Между тем опасность нарастала. Депутаты-руководители Совета сидели в маленькой комнатушке и ожесточенно дымили папиросами. Столы и пол были усеяны грудами листовок, воззваний, изорванной бумагой. Депутаты были бледны. Они не сомневались, что утром, как только ворвутся каратели, им не избежать расстрела. Черная борода Канторова оттеняла желтизну лица, не успевшую исчезнуть после недавнего тюремного заключения.

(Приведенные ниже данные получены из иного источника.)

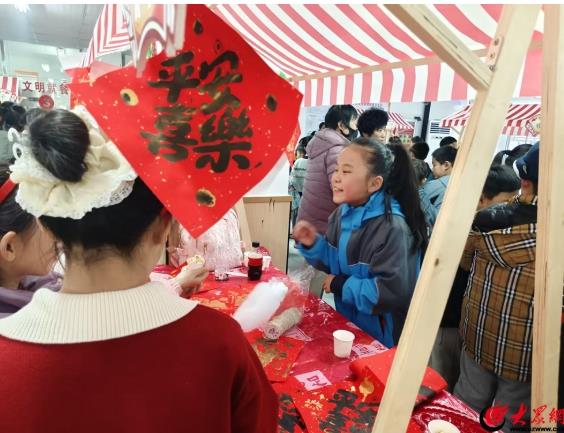 文化展示區(qū)成為“非遺”傳承的小課堂。精巧的即墨花邊在燈光下流轉(zhuǎn)著細(xì)膩光澤,銀針穿梭間的匠心工藝讓孩子們駐足驚嘆。古樸的工具蘸上顏料,在紙上印出寓意吉祥的花紋,這門傳承兩百余年的技藝,以直觀可感的方式讓孩子們觸摸到本土文化的溫度。

Канторов предлагал на рассвете выйти и заявить карателям: вы победили, но правда за нами.
Железным спокойствием было сковано лицо Касасимова, огромного, широкоплечего матроса, который медленным движением подносил ко рту папиросу.
Между тем стрельба не утихала. Лучи прожекторов шарили по дворам дивизии, по этажам экипажных казарм, помогая наводчикам и стрелкам точнее целиться по оконным проемам и дверям. Ничтожный запас патронов у восставших подходил к концу, они уже почти не отвечали, а огонь карателей, артиллерийский, пулеметный и винтовочный, продолжался с таким ожесточением, что напоминал некоторым о малославных днях недавней японской войны.